Nonetheless, when we got to the house I dug out Mom’s present and put it on.

“How do I look?” I asked Gabe.

He grinned. “Like a Hartwell.”

I have to admit, I felt a little silly walking down Main Street in my silver paper hat, which matched what the rest of my family were wearing. But the hat was nothing compared to that pink jacket. Here I was, a walking billboard for my hometown, announcing that I’d done Carol. But wearing Mom’s present was the least I could do to show my family I loved them and make up for my bad behavior.

At eleven thirty we all stood together on a snow carpeted sidewalk under bursts of color shooting into the sky. The fireworks made the falling snowflakes glow like specks of glitter.
So this is what it’s like to live in a snow globe
, I thought, and smiled at Gabe. He smiled back and squeezed my hand.

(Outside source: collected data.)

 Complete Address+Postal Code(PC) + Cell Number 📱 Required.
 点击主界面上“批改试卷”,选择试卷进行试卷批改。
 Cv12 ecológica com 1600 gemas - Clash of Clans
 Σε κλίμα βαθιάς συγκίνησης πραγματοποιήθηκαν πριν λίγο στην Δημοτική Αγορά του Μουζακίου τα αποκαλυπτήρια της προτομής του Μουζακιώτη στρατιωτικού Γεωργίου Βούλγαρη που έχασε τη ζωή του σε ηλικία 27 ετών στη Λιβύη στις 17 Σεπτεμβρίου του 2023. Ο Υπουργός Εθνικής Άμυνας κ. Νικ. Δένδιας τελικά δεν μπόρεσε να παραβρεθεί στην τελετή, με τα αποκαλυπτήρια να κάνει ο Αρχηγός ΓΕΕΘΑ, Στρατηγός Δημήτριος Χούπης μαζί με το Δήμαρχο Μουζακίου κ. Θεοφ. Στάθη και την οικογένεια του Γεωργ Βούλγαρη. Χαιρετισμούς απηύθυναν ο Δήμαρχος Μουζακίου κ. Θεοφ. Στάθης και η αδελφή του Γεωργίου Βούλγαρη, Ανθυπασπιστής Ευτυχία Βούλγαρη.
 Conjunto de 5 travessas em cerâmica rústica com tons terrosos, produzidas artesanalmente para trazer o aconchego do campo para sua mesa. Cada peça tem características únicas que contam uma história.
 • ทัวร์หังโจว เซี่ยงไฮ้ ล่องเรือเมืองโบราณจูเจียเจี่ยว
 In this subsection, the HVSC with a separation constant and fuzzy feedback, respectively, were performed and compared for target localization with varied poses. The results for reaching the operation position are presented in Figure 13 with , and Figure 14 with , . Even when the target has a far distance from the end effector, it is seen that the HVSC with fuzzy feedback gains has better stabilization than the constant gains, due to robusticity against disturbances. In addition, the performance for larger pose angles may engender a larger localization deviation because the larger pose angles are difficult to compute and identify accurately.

“Can I reapply for the position of maid of honor?” I asked Keira at one point.

She smiled at me. “Absolutely. By the way, we signed papers on the house.”

“The one you wanted?”

Keira was practically bouncing as she nodded. “Of course, I’ll have to work for a couple of years to pay for it.”

A couple of years, I thought. Very smart of Spencer to speak in generalities.

“And I’ll have to quit the coffee shop and get a real job,” she continued. “I’m sure I won’t have trouble finding something.”

Maybe not, I thought, but keeping something might be another story. I tried to imagine my sister in an office and failed. Her boss, whoever that turned out to be, had my sympathies.

As the minutes marched toward midnight I saw lots of people I knew in the crowd. The Harrises strolled by. I smiled at Mr. Harris, but he pretended he didn’t see. And there were the Baileys on the other side of Main Street. Mrs. Bailey waved at me, and I waved back. I saw James and Brittany too. James gave me an apologetic smile. Brittany saw and tightened her grip on his arm. She could keep him.